BP had been barred from bidding on new federal contracts for over a year following the Deepwater Horizon spill, but the ban was lifted last week after the company struck an agreement with the Environmental Protection Agency (EPA). Under the agreement, BP will implement stronger safety and corporate governance rules, and will be monitored by an EPA-approved independent auditor over the next five years. BP had filed a lawsuit against the EPA to have the ban lifted, but will now drop the suit as part of this month's agreement.

"We treat corporate criminals far more leniently than we do human criminals."

BP's business in the Gulf of Mexico has dramatically declined since the explosion of the Deepwater Horizon oil rig, which led to the worst offshore oil spill in US history. Today, the company produces about 190,000 barrels per day in the gulf — not even half of what it saw prior to the disaster — and Shell has since overtaken it to become the largest deepwater producer in the area. The disaster, which killed 11 people, saw millions of gallons of oil pour into the gulf, wreaking widespread environmental damage that researchers are still working to gauge.

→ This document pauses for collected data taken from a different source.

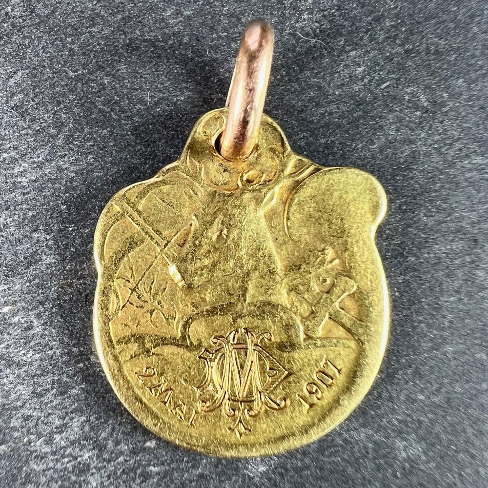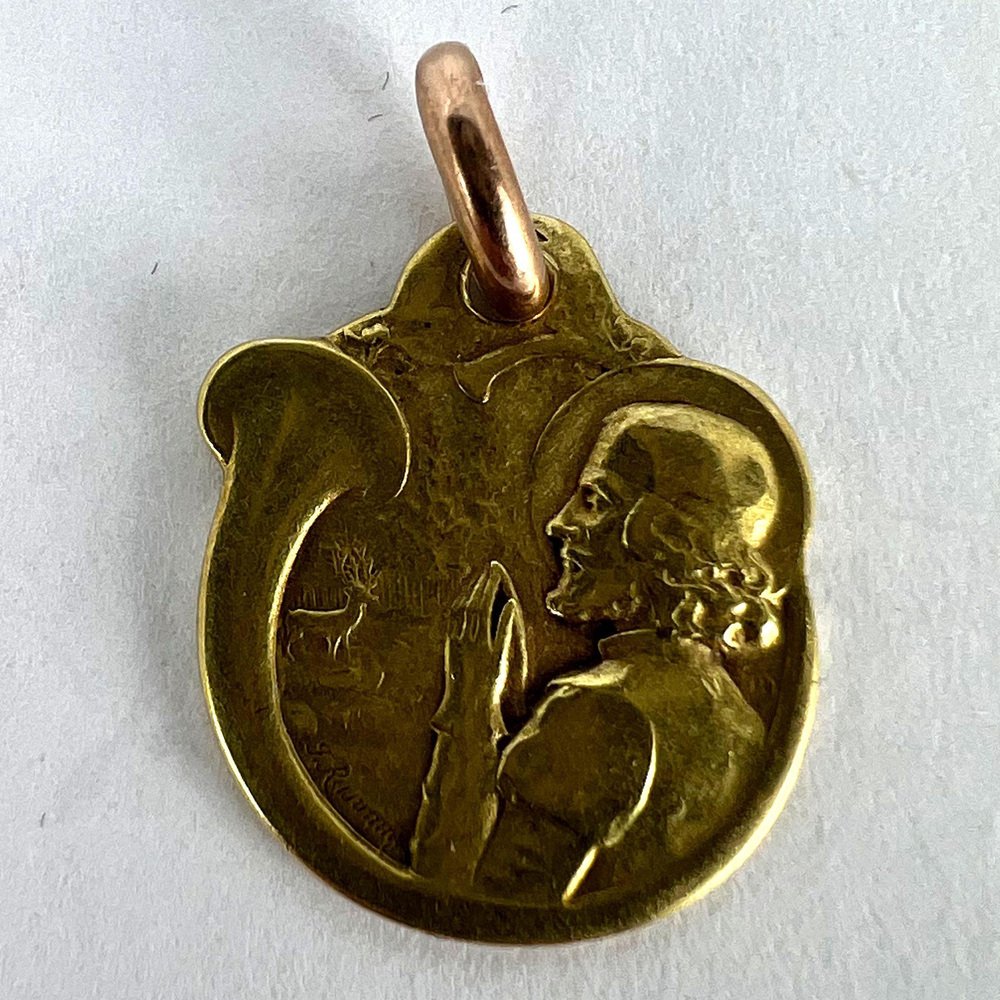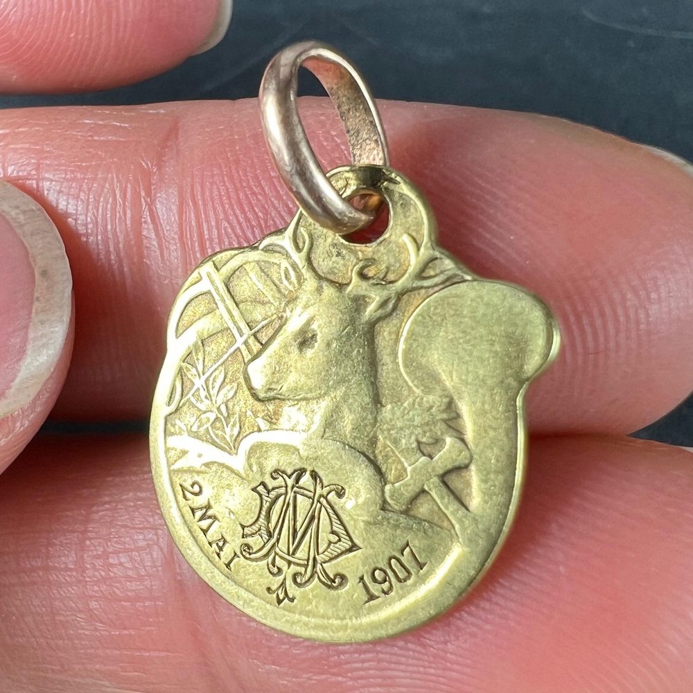French Deer Hunting Horn 18k Yellow Gold Charm Pendant by Rasumny, 1890s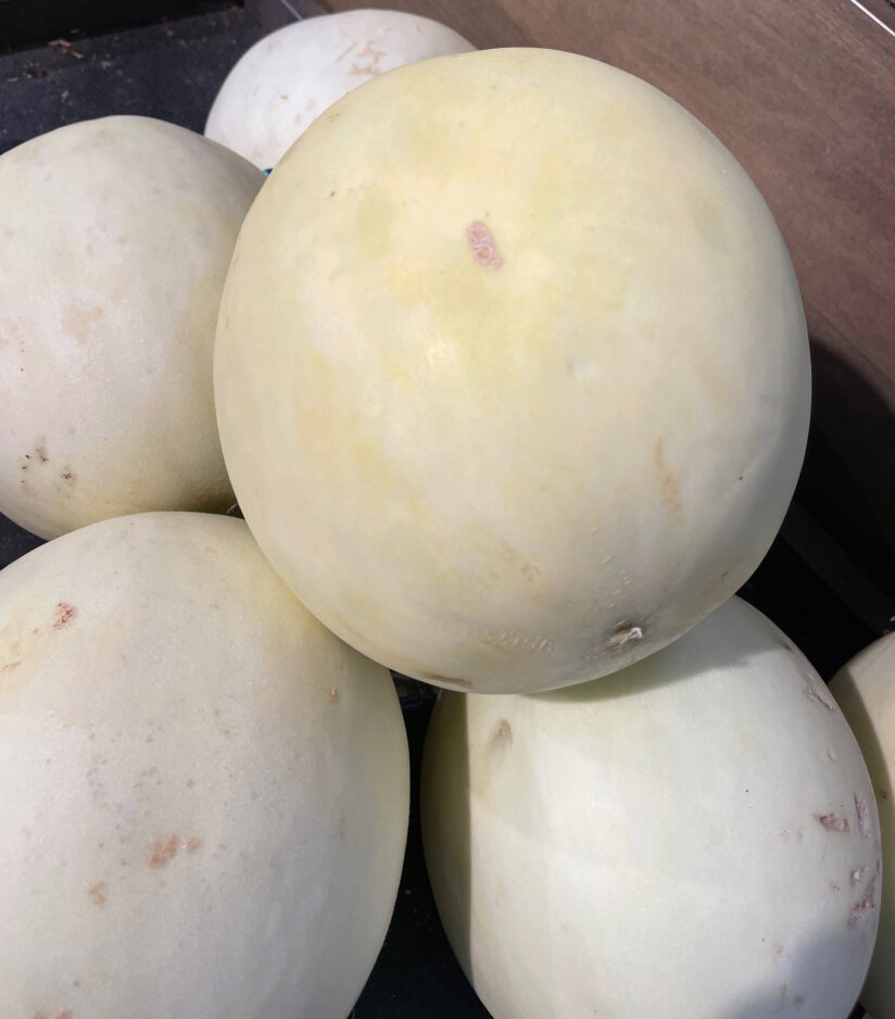 - The pale spot where the melon touches the ground will be yellow instead of white.
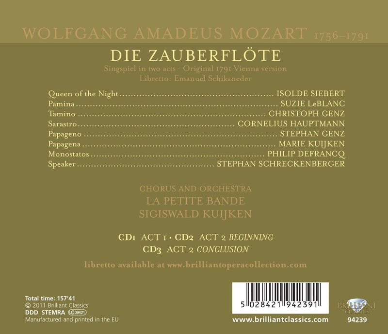 Brilliant ClassicsMozart: Die Zauberflöte / S. Kuijken, La Petite Bande
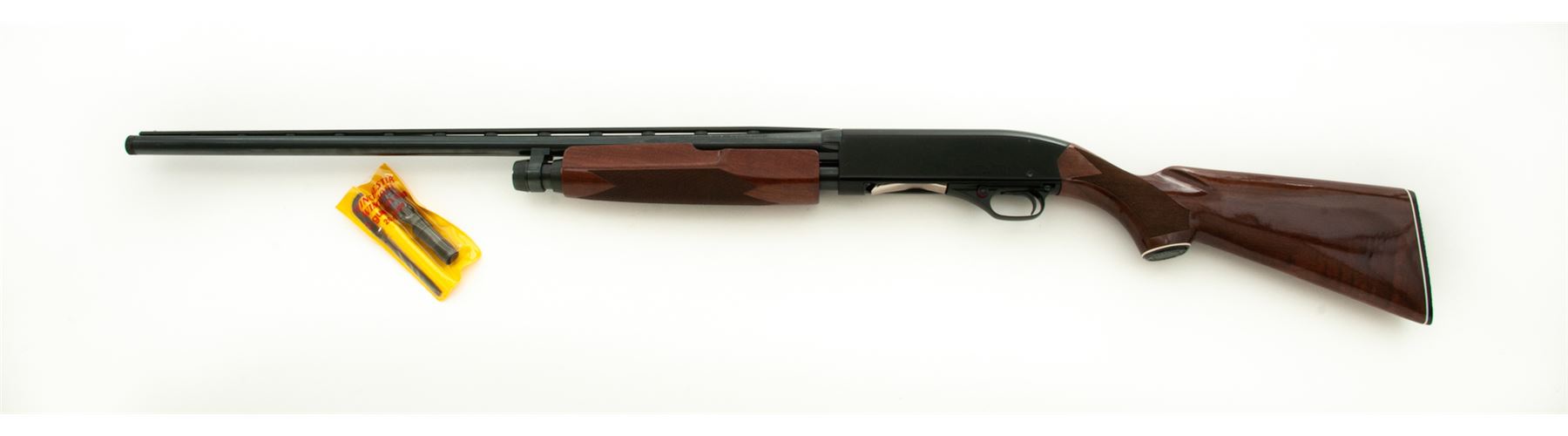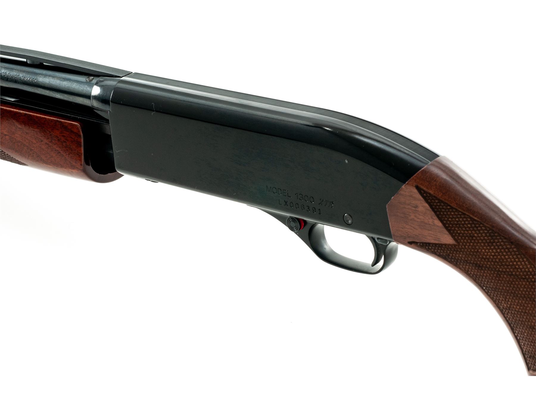 Winchester Model 1300 XTR Pump Action Shotgun, #LX006391, 20 ga. for 2-3/4'' & 3'' shells, 28'' vent rib barrel with three (3) choke tubes, blue finish, checkered pistol-grip mahogany stock, and Winchester plastic buttplate. Condition is excellent, appearing as new, with only the slightest marks from handling. Est.: $250-$450. (Modern)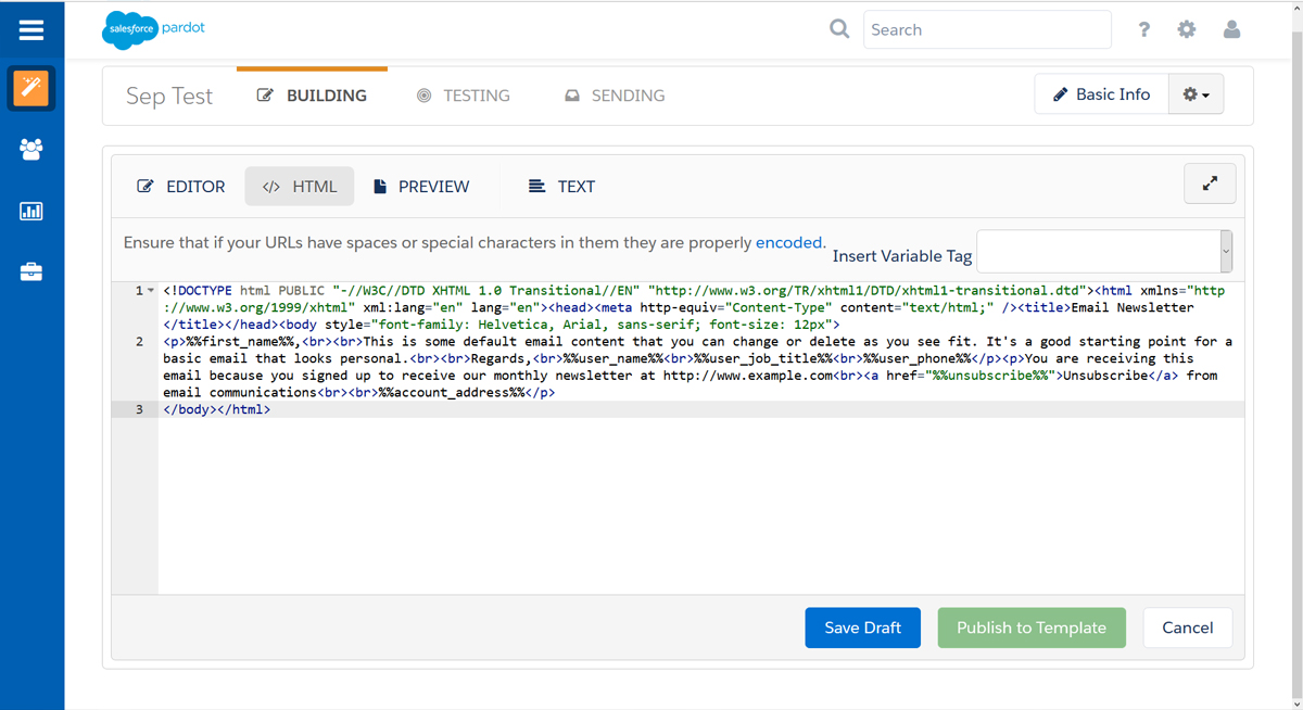 Uploading the HTML code requires that you go through several menus: Content – Email – Create New Email – Create New Template – Code Editor – Email – Choose save location. You can now paste the HTML code in the HTML editor.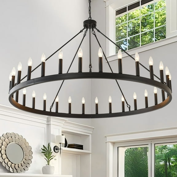 53-Inch Large Black Farmhouse Wagon Wheel Chandelier – 30-Light Industrial Rustic Pendant Light for High Ceiling Dining Room, Living Room, Porch, Foyer, Entryway From $169.32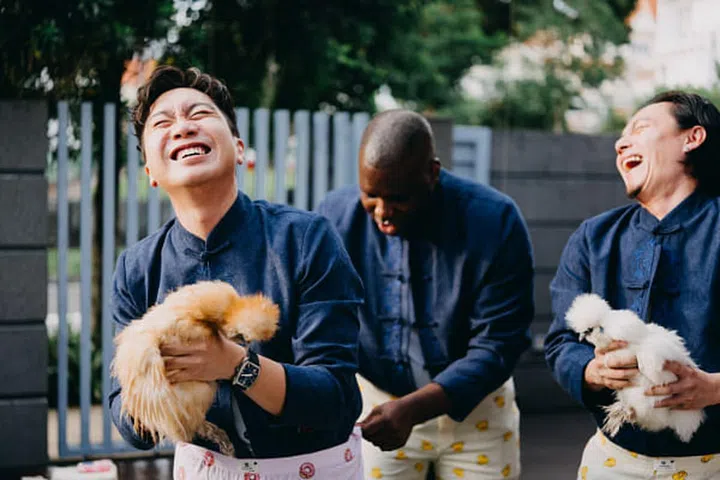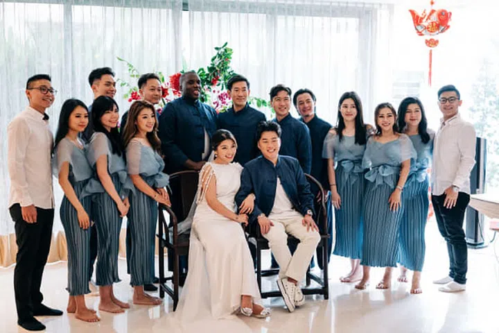 夫妻俩说:“第一次入场,看见言客厅内熟悉的面孔时,我们感到既窝心又感动,感激大家在百忙中抽空见证我们人生大事,尤其那一些一路上看着我们从情侣结为夫妻的亲友们。当然!我们也很喜欢跟朋友和兄弟姐妹们一起共享欢乐时光,很开心兄弟们成功为宾客们带来惊喜,当他们站到椅子上时,马上就炒热现场气氛。我们从后方目睹这一切时觉得非常有趣。”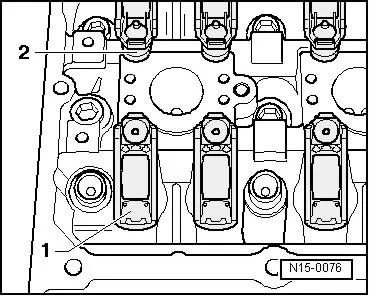 - Проверить, чтобы все роликовые рычаги клапанов были правильно установлены на концах стержней -1- и опорных элементах -2-;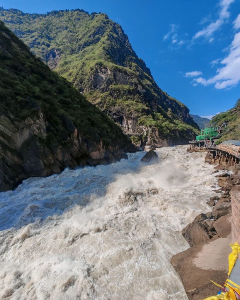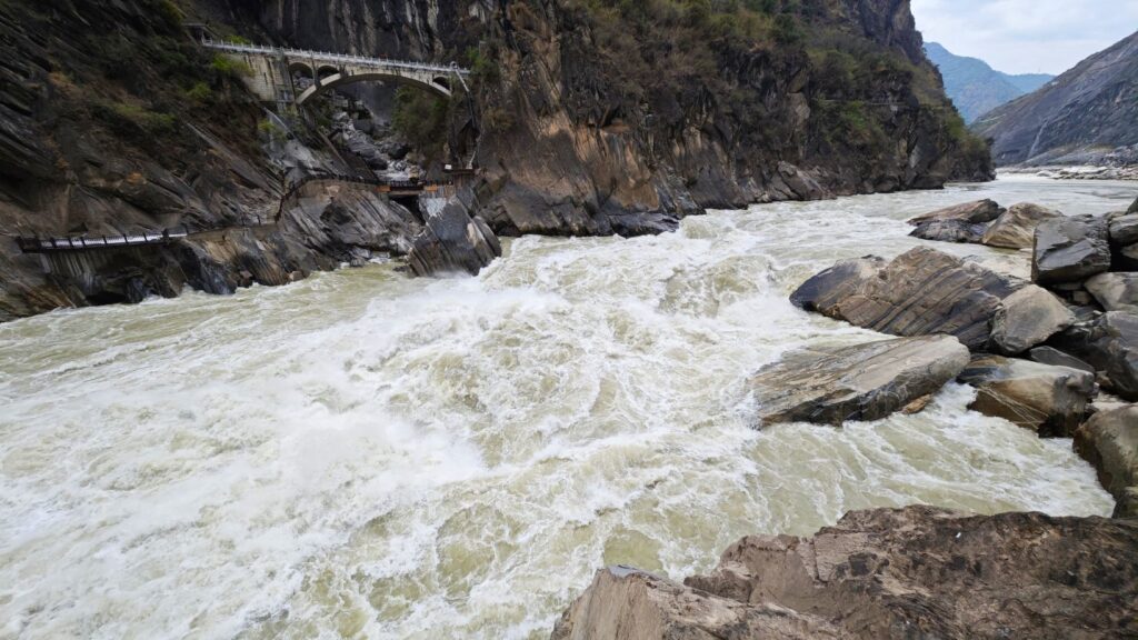 - Upper Tiger Leap (上虎跳): This is the canyon’s entrance, where the river is violently squeezed between the two mountains. The channel narrows, the water accelerates into a raging torrent, and the roar is deafening, truly like a ferocious tiger’s roar. A massive boulder lies in the heart of the river, splitting the current in two and creating a spectacular, cascading drop.

BP's winning bids suggest that the company is poised to expand its presence in the area, though environmental groups have criticized the EPA's decision to lift the ban, arguing that its agreement doesn't go far enough and expressing concerns over monitoring efforts going forward.

"BP has not addressed the cultural problems that led to the ban in the first place," Tyson Slocum, director of the watchdog organization Public Citizen, told the National Journal last week. "We treat corporate criminals far more leniently than we do human criminals, and that is a sad state of affairs."

The Bureau of Ocean Energy Management will review each bid before awarding the leases, in order to guarantee that "the public receives fair market value."